Raw vs Jpeg is really one of those horses that everyone seems to groan, but enjoy beating... 

As others have pointed out, the "debate" is really about personal choice and workflow, not about the technical merits of the formats. 

But since we are beating the dead beast...

Raw: unadulterated data=more wiggle room/adjustments. 12-14bit/channel data vs 8bit/channel. bigger file size. needs post-conversion. 

JPEG: pre-processed data. magnified noise artifacts. jpeg blocking artifacts. 8bit/channel. smaller file size. can print to printers as-is. easier to use.

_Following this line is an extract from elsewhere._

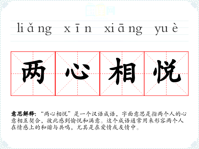 “两心相悦”是一个汉语成语,字面意思是指两个人的心意相互契合,彼此感到愉悦和满意。这个成语通常用来形容两个人在情感上的和谐与共鸣,尤其是在爱情或友情中。

Personally, I shoot RAW. Others may opt for JPEG. Seems like the folks who opt for JPEG do so for the following reasons:

- can take more photos per card! (1-6MB vs 9+MB?)
- can take more photos at a time! (20-30 image buffer/infinite buffer instead of say... 6-9 image buffer?)
- dont' want to "post-process" (ah.. raw converters...)
- "just for web" (72dpi... the great equalizer!)
- "just for 4x5, 5x7, 8x10" (With a 7MP jpeg...)
- direct to printer (Huh... doesn't take raw...)

It really comes down to ease of use and one less process/set of tools to learn. Most people who are interested in tweaking their photographs more, are definitely interested in RAW to get the best image they can from their camera, or to avoid known artifacts, or because they want to archive their "Digital negatives".

Okay, gonna wash my hands now.


----------



## MikeR (Jul 14, 2007)

There is no Right or Wrong format. Use whichever you are comfortable with.

I switched over to Raw for a couple of reasons.

1. Greater control over the final results. What this means is that I use software,rather than letting the camera convert it to Jpeg at the time it was shot, based on pre set or user set parameters.

2. Greater control when I need to convert an image to B&W


----------



## RVsForFun (Jul 15, 2007)

...will this debate ever stop? It just keeps going and going and going...

An upcoming debate, just as religious, will be/is the sRGB vs. RGB colorspace issue. Choose one corner, let the fights begin...

I shoot practially 99% JPEG. I've never had a JPEG that would've been improved with RAW, given the overhead, but maybe I'm different. Since I shoot high-volume weddings and have a critical shots-per-card factor (not too high, not too low) JPEG is the best way to manage that, given my exposure techniques.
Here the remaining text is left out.